Apesar de assumir que foi Fernando Medina quem escolheu Joaquim Morão para coordenar uma equipa que "fizesse as obras andarem" em Lisboa, a procuradora Tânia Agostinho não sentiu qualquer necessidade de ouvir o ex-presidente da Câmara como testemunha e muito menos como arguido no processo que durante dois anos investigou as circunstâncias da contratação do antigo presidente das Câmaras de Idanha-a-Nova e Castelo Branco.
No despacho de arquivamento divulgado pelo Diário de Notícias a que o Expresso também teve acesso, é descrita a inquirição a 28 testemunhas - funcionários da autarquia, vereadores, diretores, assessores e juristas - e o interrogatório aos cinco arguidos do processo. Medina,que até pediu para ser ouvido depois das buscas na Câmara, nunca foi chamado pelo MP.
E isso não impediu a procuradora de concluir que "não se mostra possível concluir pela verificação" de qualquer crime, neste caso nomeadamente participação económica em negócio, prevaricação ou abuso de poder. Para isso acontecer, teria de ter havido "a intenção de obter (....) benefício ilegítimo ou causar prejuízo a outra pessoa". E para Tânia Agostinho, a investigação demonstrou que "Joaquim Morão foi escolhido por ser a pessoa indicada para exercer aquelas funções, que exerceu, numa situação particular vivida na Câmara Municipal de Lisboa de grande execução de obras, sendo a pessoa com especiais apetências técnicas para o trabalho a exercer".
No despacho, Tânia Agostinho reconhece que "ainda que o procedimento em causa tenha assumido a forma que assumiu" (Morão constituiu uma empresa só para concorrer a este cargo e sugeriu que a Câmara consultasse outras duas, de um amigo, que nem sequer responderam ao convite da Câmara), mas sustenta que apesar de "a iniciativa de convite a Joaquim Morão para a prestação dos serviços" ter sido de "Fernando Medina", não há nada no processo que demonstre que "foi sua a decisão sobre o procedimento contratual a escolher" e "nem sobre tal assunto deu indicações". "Para o MP, "o certo é que, o convite a três empresas foi inócuo em termos de formalizar a adequação do procedimento ao Código de Contratos Públicos" mas "não se logrou apurar quem tenha dado orientações para que se recorresse a tal convite".

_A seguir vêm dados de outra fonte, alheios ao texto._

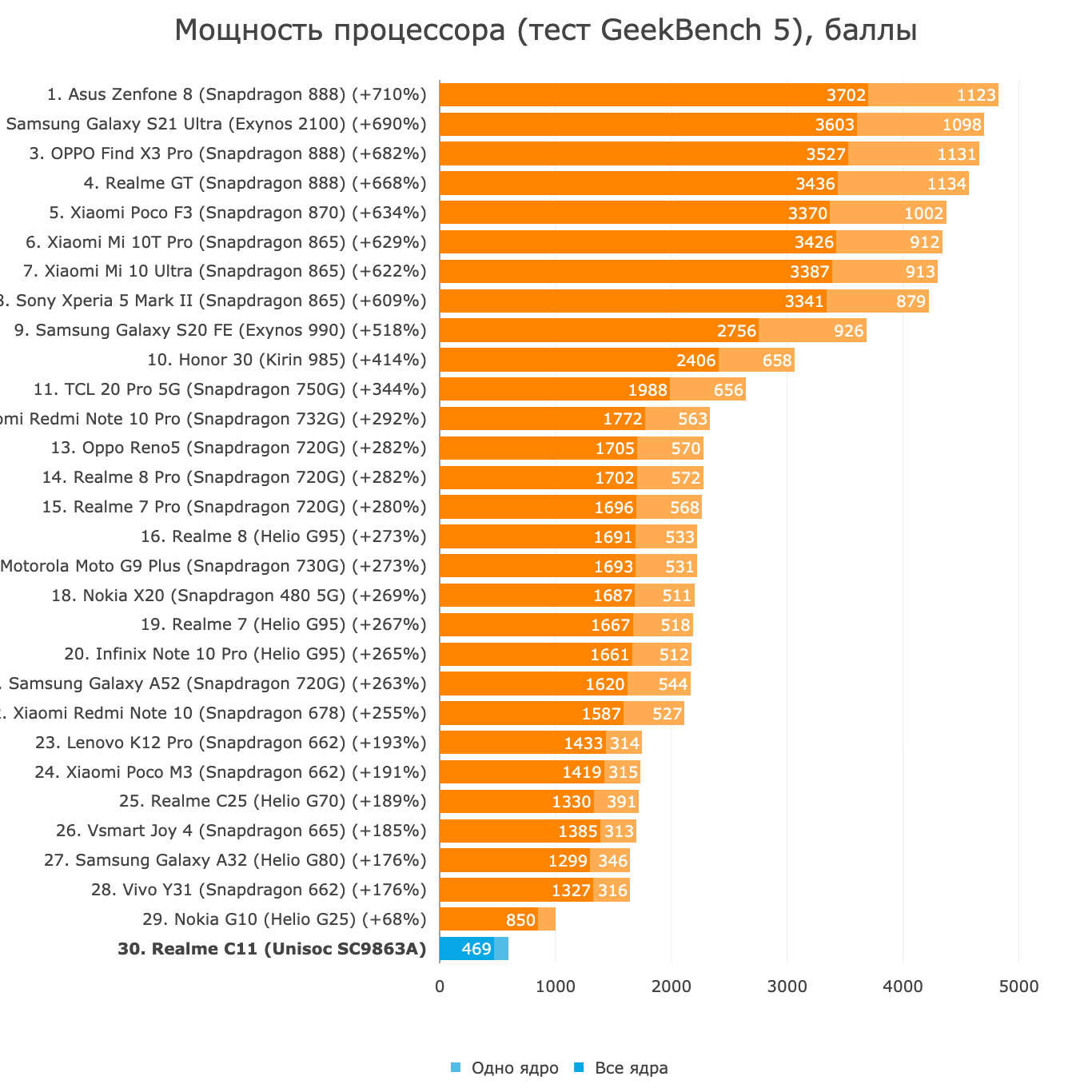 Сейчас SMIC, если мы говорим о смартфонах и планшетах, остался полигоном, в основном, для процессоров уровня "хуже уже особо некуда" — например, процессоров Unisoc серии SC. Такие сегодня встречаются в смартфонах itel, BQ, Inoi, Alcatel... ну, вы поняли. И в старших наиболее дешёвых (до 10 тысяч рублей) смартфонах более породистых брендов — Samsung Galaxy A03 Core, Realme C11 2021, ZTE Blade A71. Это процессоры уровня довольно стареньких уже Snapdragon 625/Snapdragon 460/MediaTek Helio P25, только при этом более прожорливые и склонные к нагреву, ведь техпроцесс у них старый — 28 нм против 14 или 16 нм у остальных процессоров с такой конструкцией.

Além disso, a Câmara contratou por duas vezes a empresa de Morão por um total de mais de 96 mil euros, o que teria obrigado a um concurso público que nunca aconteceu. O MP entende que as exceçôes à lei que permitem a contratação direta de uma empresa por mais de 75 mil em casos em que só esta pode executar a tarefa, se aplicam neste caso.
Talvez involuntariamente, Helena Bicho, diretora Municipal de Projecto e Obras, resumiu a história deste caso com uma clareza cristalina: "não" ficou "agradada com a entrada do Comendador" e a "forma como o procedimento começou não era normal". O despacho de Medina que nomeou Morão como coordenador da equipa de acompanhamento das obras "caiu que nem uma bomba" mas para o que Morão "fez", esta arguida até achou que "ele era mal pago".
No depoimento citado no despacho de arquivamento, Morão revela que trabalhou sem receber "nada" entre março e junho de 2015 e que só depois da tomada de posse de Fernando Medina é que passou a ser pago. Primeiro, recebeu cerca de 23 mil euros e depois 74 mil. Mais IVA. O acréscimo de 2015 para 2016 foi justificado com a maior "complexidade" do trabalho"
Diz que aceitou o convite que lhe foi feito pelo antigo presidente da Câmara na condição de ser feito "um ajuste directo" E que "não" fez "nenhum concurso," nem simulou "nenhum concurso". Constituiu a empresa, "porque já estava com ideias de a constituir, porque queria fazer outras coisas. Isto foi o primeiro trabalho que apareceu para isto. E, portanto, constituiu a empresa e fez o seu trabalho". Só sugeriu os nomes das outras empresas porque "pediram-lhe para indicar".
Este processo teve origem numa notícia do Público que titulava: "Câmara de Lisboa simula consultas ao mercado para contratar histórico do PS".